▶ **What is required**
Exact transcription, pictures omitted: begin at the top line of the records below and end with the line bearing "Teplákovina rozkvitnutá čerešňa".

▶ **Data**
········
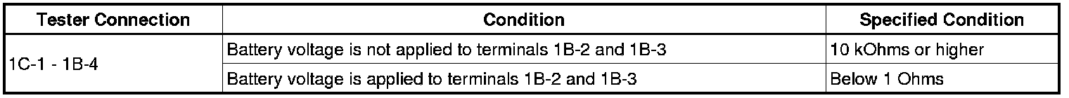 If the result is not as specified, replace the circuit opening relay.
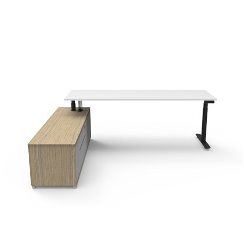 Natural White top and Black Satin frame. Height adjustable desk with left hand side cabinet.
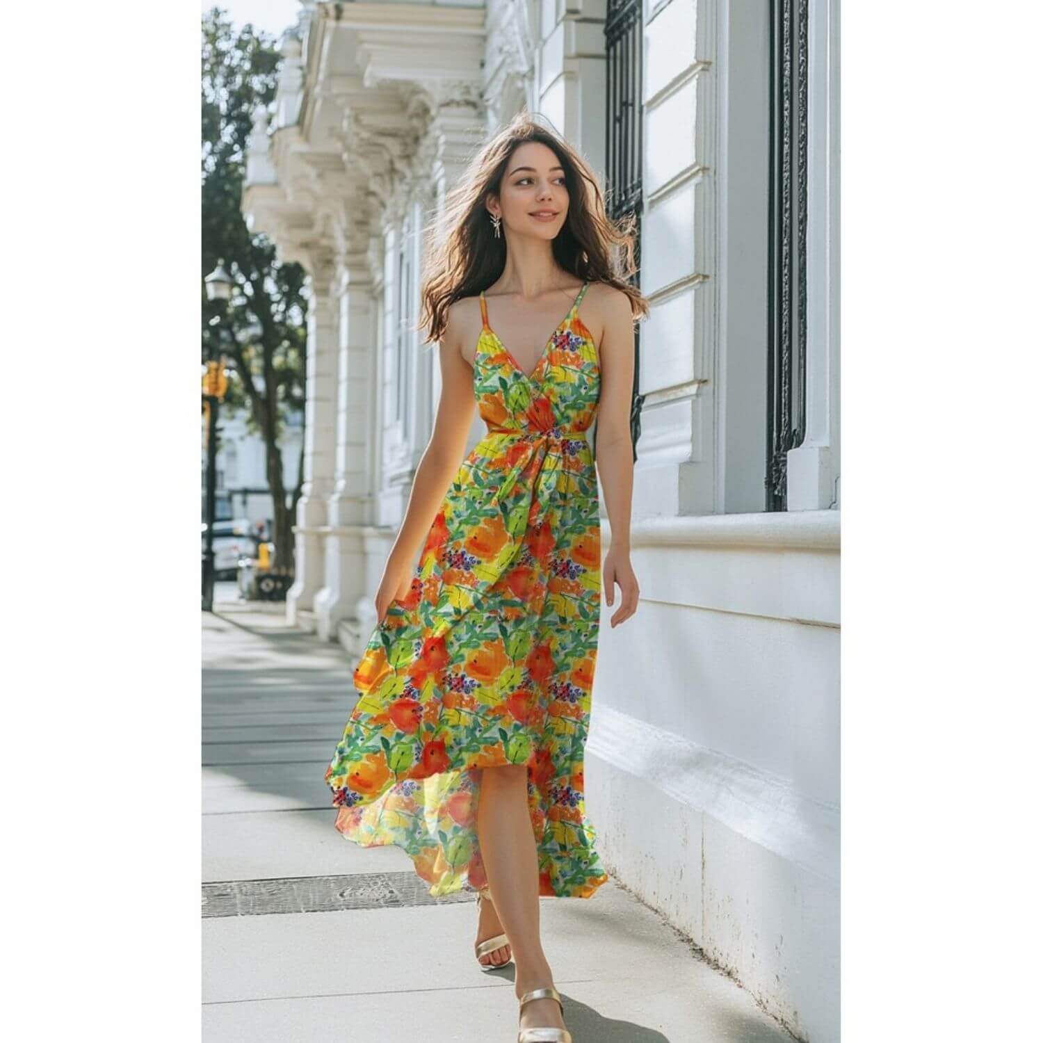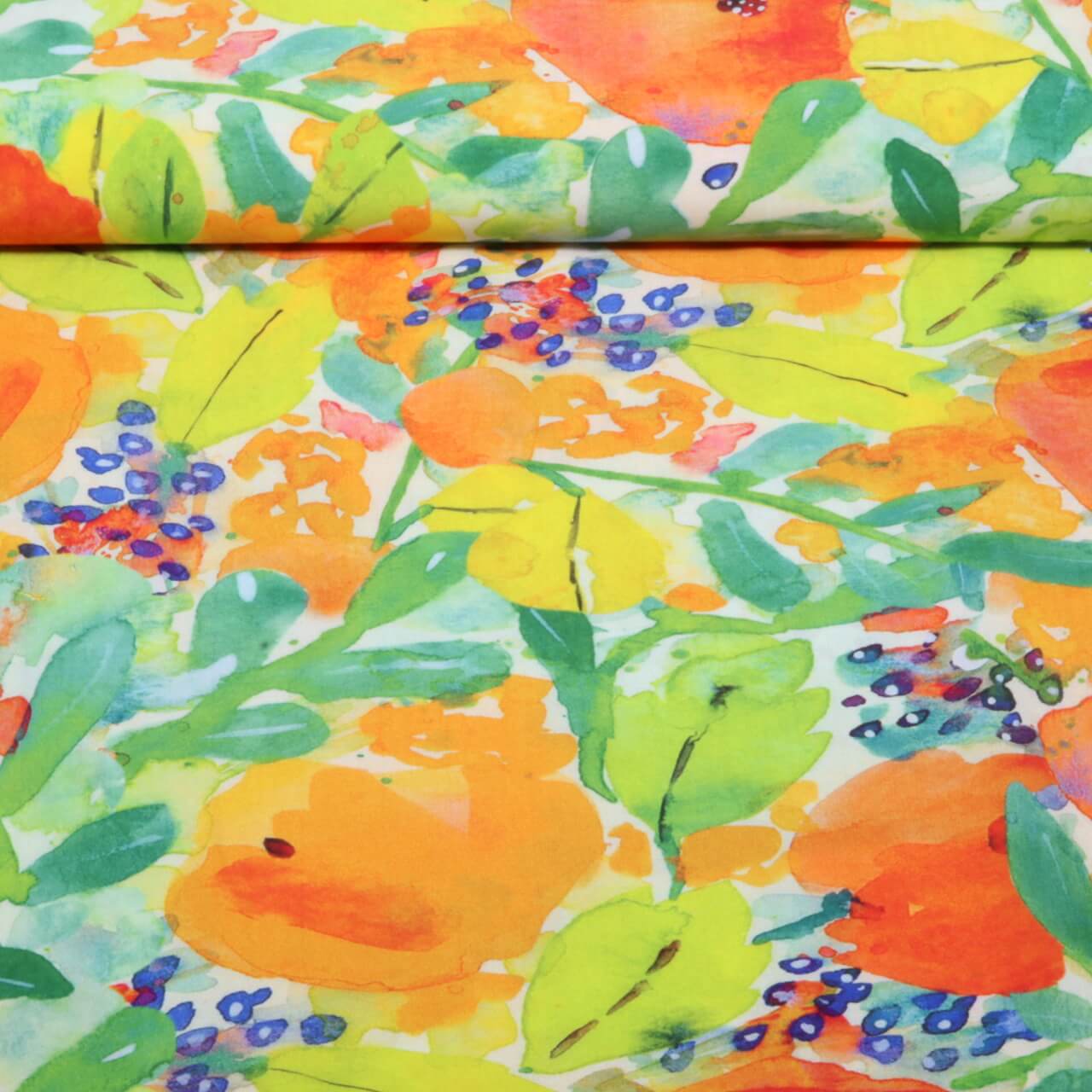 Viskose - Digital Blumen Orange
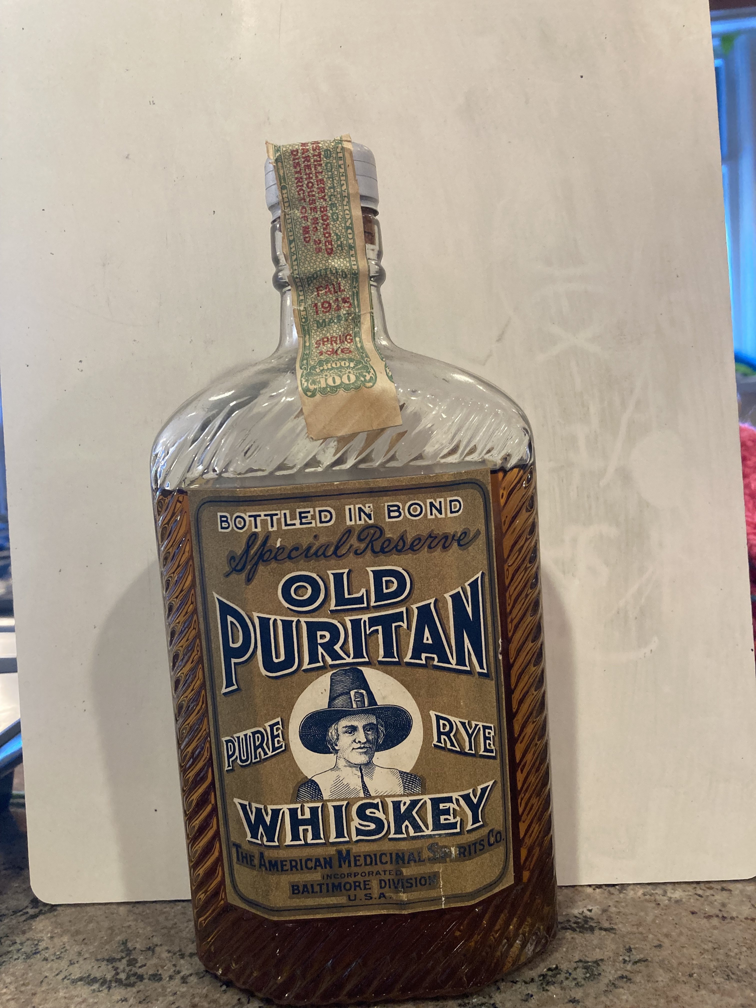 - Bottled in Bond Special Reserve Old Puritan Pure Rye Whiskey The American Medicinal Spirits Co. Baltimore Division USA
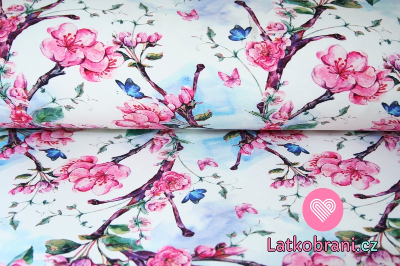 Teplákovina rozkvitnutá čerešňa s motýliky na smotanové
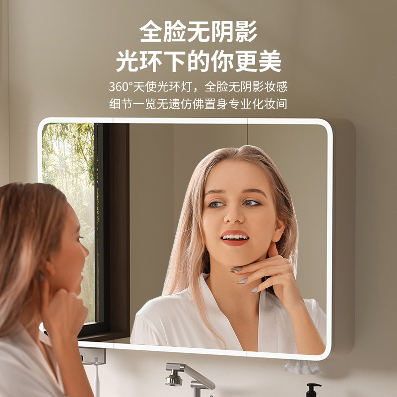 法式 奶油风陶瓷一体智能浴室柜镜柜组合卫生间收纳洗漱台洗脸盆
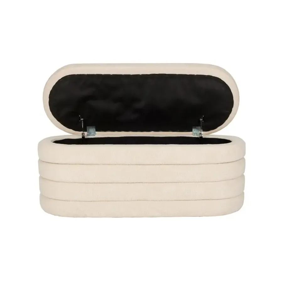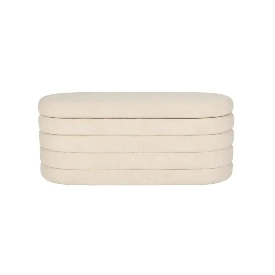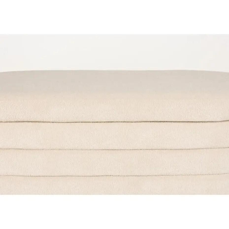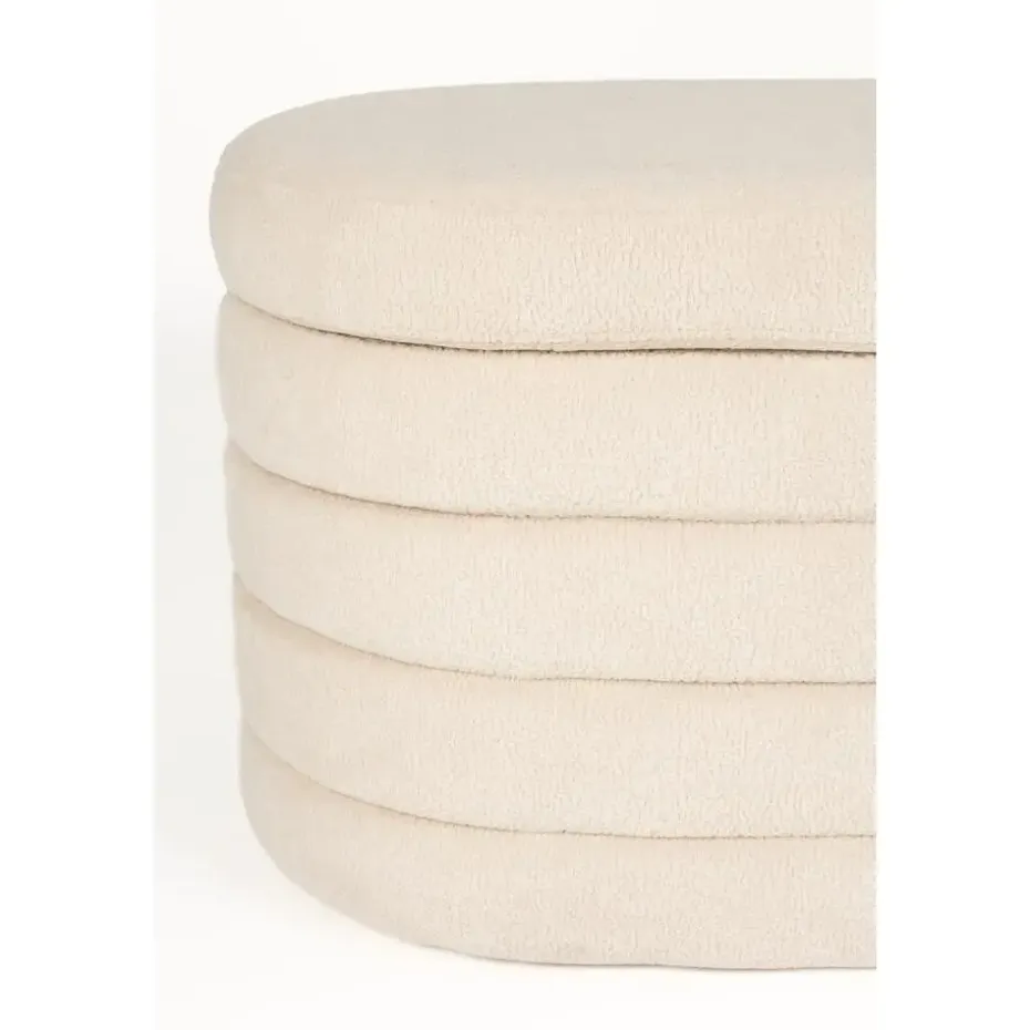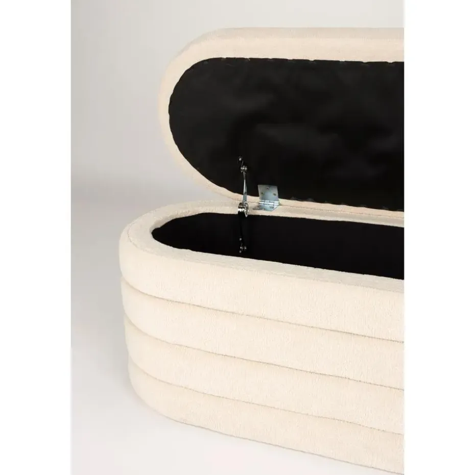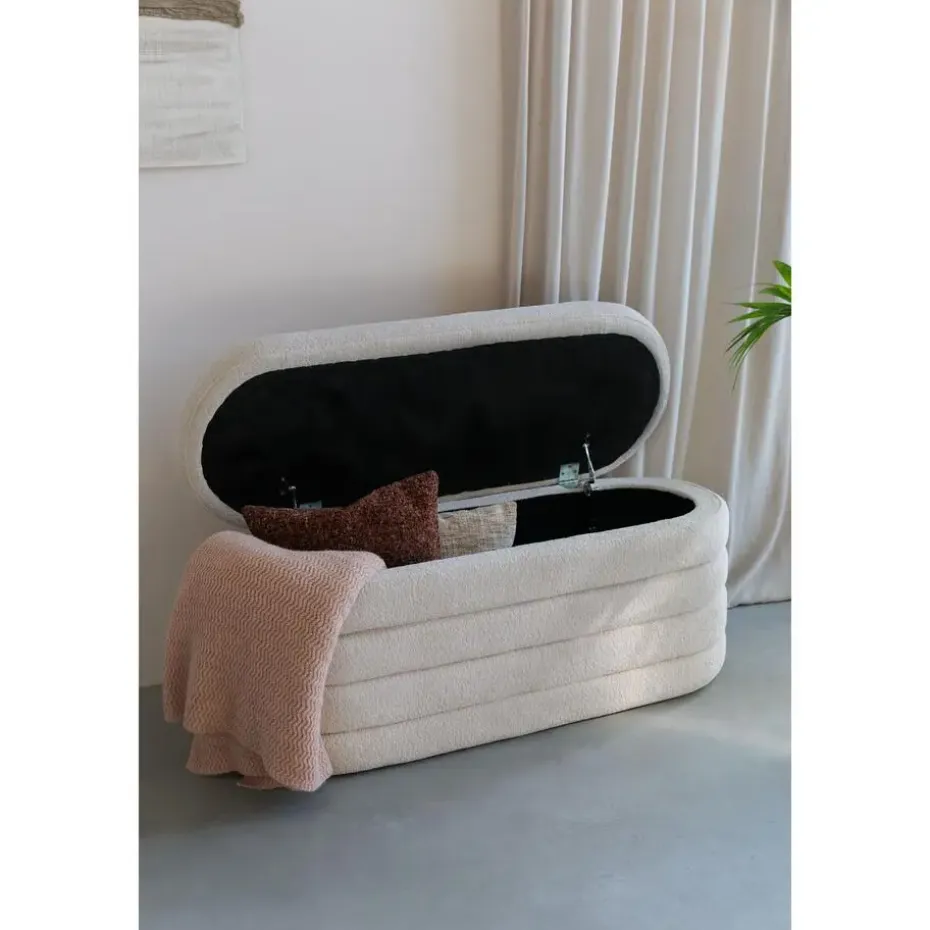 Ontdek de Zuma serie, bestaande uit een stijlvolle poef en een praktisch bankje. Beide zijn vervaardigd uit luxe bouclé wit/ beige stof en bieden een slimme opbergruimte, perfect voor elke ruimte in uw huis
········
▶ **Exercise result**
 If the result is not as specified, replace the circuit opening relay.
 Natural White top and Black Satin frame. Height adjustable desk with left hand side cabinet.
 Viskose - Digital Blumen Orange
 - Bottled in Bond Special Reserve Old Puritan Pure Rye Whiskey The American Medicinal Spirits Co. Baltimore Division USA
 Teplákovina rozkvitnutá čerešňa s motýliky na smotanové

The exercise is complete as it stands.